就是去国营饭店吃一顿饭,去电影院看一场电影而已。
陆长远开车出来的,晚上回去也不用担心没车。
至于在家的三胞胎?
他们也已经断了母乳,现在在喝奶粉。
有王阿姨跟陈招娣照看着,也不用担心会有什么事。
“好呀!”
姜梨开开心心的拽着陆长远的袖子,与他一起往国营饭店那边走。
十二月的街头,就算是西南,天气也是很冷的。
姜梨身上穿着的是五哥哥前段时间寄过来的,说叫什么面包服的黑色外套。
外套里边塞着鸭子的绒毛,大鹅的绒毛。
提在手上轻飘飘的一件,但是穿在身上十分的温暖。
而且款式也很长,到小腿肚下,只露出一截细细的脚腕,下边是一双加绒的皮靴。
也是五哥哥寄来的。
不只是她有,陆长远,还有三个宝宝,甚至是王阿姨也都有一件面包服。
这种衣服虽然看着很臃肿,但是穿在身上的保暖程度,一点儿也不输军大衣。
有一件衣服,就可以度过一整个冬天。
而姜胜利偏爱妹妹,给妹妹一人寄了两件,一件黑色,一件红色。
让她换着穿。
姜梨原本还没觉得怎么样,穿着穿着就发现真香了。
她甚至在想,若是把自己宝葫芦里的那些兔皮塞到布里边,保暖的效果会不会也一样的好?
没想明白的姜梨,最终决定给五哥哥寄十张处理好的兔皮过去。
让他拿去港城那边卖也好,弄成衣服,围巾都好,随他来。
他们虽然是兄妹,她也不能一直占哥哥的便宜。
总得还一些礼,才能说得过去。
话说回现在。
姜梨与陆长远去到了国营饭店,点了几道菜坐下。
期间有年轻的女同志,一直看姜梨。
哦,具体来说,是看她身上的面包服。
她们很想知道,这种穿起来虽然有些好看,但是又像充了气在里边的衣服,是在哪里买的?
陆长远去端饭菜的时候,就有胆子大的女同志上前来,询问姜梨,身上衣服在哪里买的?
姜梨如实回答,是哥哥寄来的。
至于哥哥在哪里买的?
她也不知道。
大概是南城老家吧?
没有问到结果的女同志有些失望,她走回去与同伴低声交谈。
一旁有人认出了这衣服,哟呵了一声道,“这不是沪市那边早两年生产的面包服吗?”
“一件可要好几百呢!”
“一般人可穿不起。
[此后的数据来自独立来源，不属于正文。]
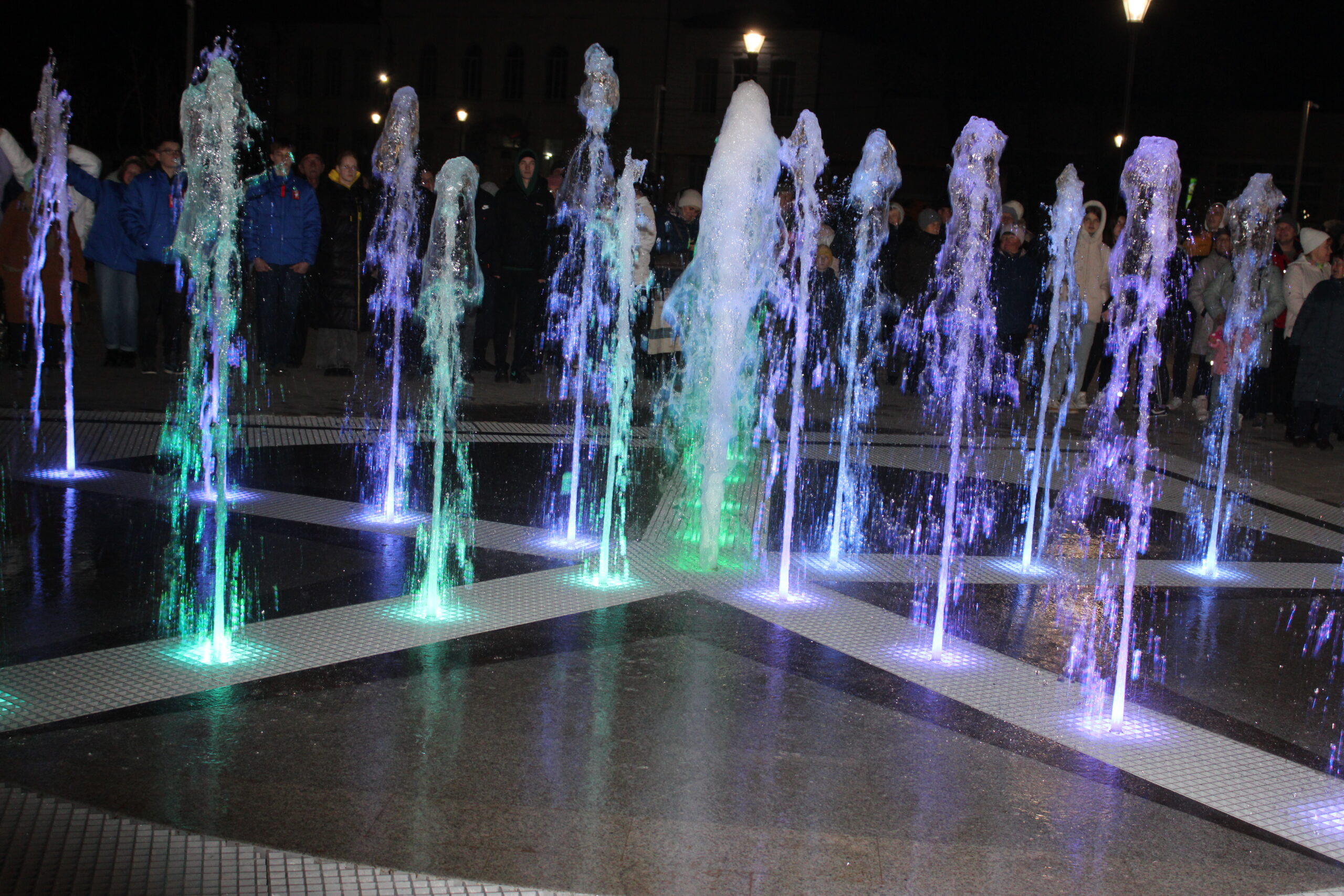 Кульминацией праздника стали радужные струи и эффектная подсветка водных композиций нового фонтана, который будет работать в будущем летнем сезоне.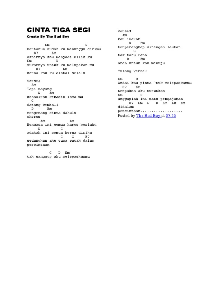 Kord gitar lagu cinta 3 segi Saleem-Cinta 3 Segi. Dengar jk lagu ni cnfm aku teringat kes ni bunuh tunang la tunang jd gila la. Adakah Chord Ini Tidak Boleh Transpose.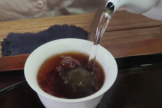 小青柑冲泡时,先把盖碗放入茶洗中,揭开碗盖,注入刚烧开的沸水,再盖上碗盖,把沸水浇淋在盖碗上。或将盖碗放入玻璃茶洗中,倒入清水,置于茶炉上将清水烧至沸腾,给盖碗消毒。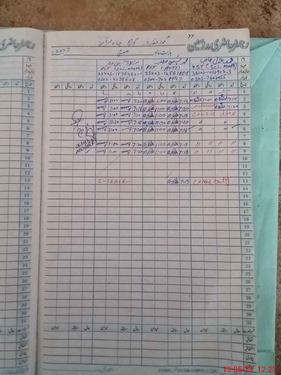 | Name: MBi**** Designation: (School Headmaster's/Headmistress's) PST Phone/Cell Number: 03**** |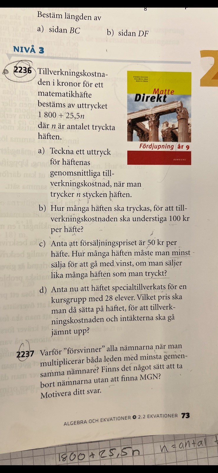 Nästan, men inte riktigt... Tidigare skrev du att tillverkningskostnaden var 1 800 + 25,5n (du har nog bara råkat trycka på fel tangent), dels skall det vara en olikhet, inte en likhet (d v s ekvation).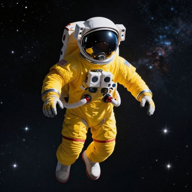 Yellow astronaut floating serenely in the vastness of space, stars twinkling in the background, vivid yellow space suit reflecting cosmic light, futuristic helmet visor glowing softly, cosmic nebula in the distance, high detail digital art.
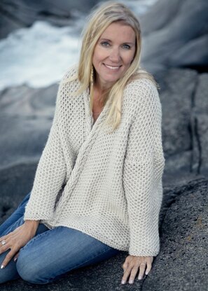 This soft and warm cardigan is knitted using a technique called the double brioche stockinette stitch.

”
那来打听消息的女同志,明显没想到姜梨身上的衣服这么贵。
听着旁边桌上女同志的话,她们的脸都涨红了。
至于姜梨?
她倒是没什么感觉。
那认出她身上衣服的女同志,看了她两眼,笑着来到了她对面的凳子上坐下。
“这位同志,你说这衣服是你哥哥寄来的?”
“我看你男人是军人,他们的工资可不高,这一件衣服要花上他几个月的津贴吧?”
姜梨这才眸光淡淡的瞥向自来熟的女子。
“你有事吗?”
她的声音也很淡。
特意来搭讪的秦娇,因为姜梨的态度,导致脸色也有那么一些不好看。
不过她自诩见过很多大场面,因此还是能很快的回过神来。
“没事,就是觉得你男人对你真好,这么贵的衣服,也愿意出钱给你买。”
秦娇说着看了一眼窗口那边,身材挺拔,宽肩窄腰,就算穿着军装,也能感受到衣服底下充满了力量的男人。
老实说,她有些羡慕。
姜梨哦了一声。
“我是他媳妇儿,他不对我好,我就跑了。”
秦娇……
刚好端了菜,准备折返回来的陆长远??
好端端的,怎么听到他媳妇说要跑这样吓人的话?
陆长远面色不耐的扫了一眼秦娇,看到她脸上那浓浓的妆容,陆长远眉头皱起。
有些反胃。
秦娇也感受到了陆长远的不喜,看到人走回来了,她笑眯眯的站起来。
便姜梨伸出手。
“小妹妹,认识你很高兴呀!”
“可惜你已经结婚了,还嫁了个军人,不然我可以带你出去好好玩玩。”
“你这是在拐带军属吗?”
陆长远不冷不热的声音插入进来。
端着盘子居高临下的看着秦娇。
秦娇咯咯的笑了两声,模样有些夸张的抬手捂住嘴,“是啊,要抓我吗?军人同志。”
陆长远呵了一声,把手中的盘子放下。
秦娇连忙往一边走了几步。
她朝姜梨挥了挥手,“小妹妹,我叫秦娇,希望我们以后还能再见。”
她说着抬手朝姜梨做了个飞吻,然后看了一眼陆长远,扭着腰出了国营饭店的门。
陆长远脸色有些差。
姜梨则是目瞪口呆的看着国营饭店门口的方向。
竟然还能这样?
“媳妇儿。”
陆长远不满媳妇儿的注意力被别人吸走,把红烧牛肉面端到她面前。
筷子取出来擦了擦,才递过去。
“我们吃面,不理那些没有礼貌的人。”
姜梨接过筷子,哦了一声。
她觉得刚才那人还挺有意思的。
陆长远发觉媳妇儿神色不对,心里意识到不好。
他媳妇儿要学坏。
“梨梨。”
“嗯?”
埋头吃面的姜梨,闻声抬起头,“怎么了呀?”
“刚刚那个人……”
“嗯?”
陆长远的话有些说不出口。
但是他不说又不行。
他媳妇儿单纯,好奇心强,他不说,她万一学坏了,偷偷去扭腰给别的人看,那他怎么办?
“像刚才那个女同志的行为,是极其不端庄的,梨梨你不能学,知道吗?”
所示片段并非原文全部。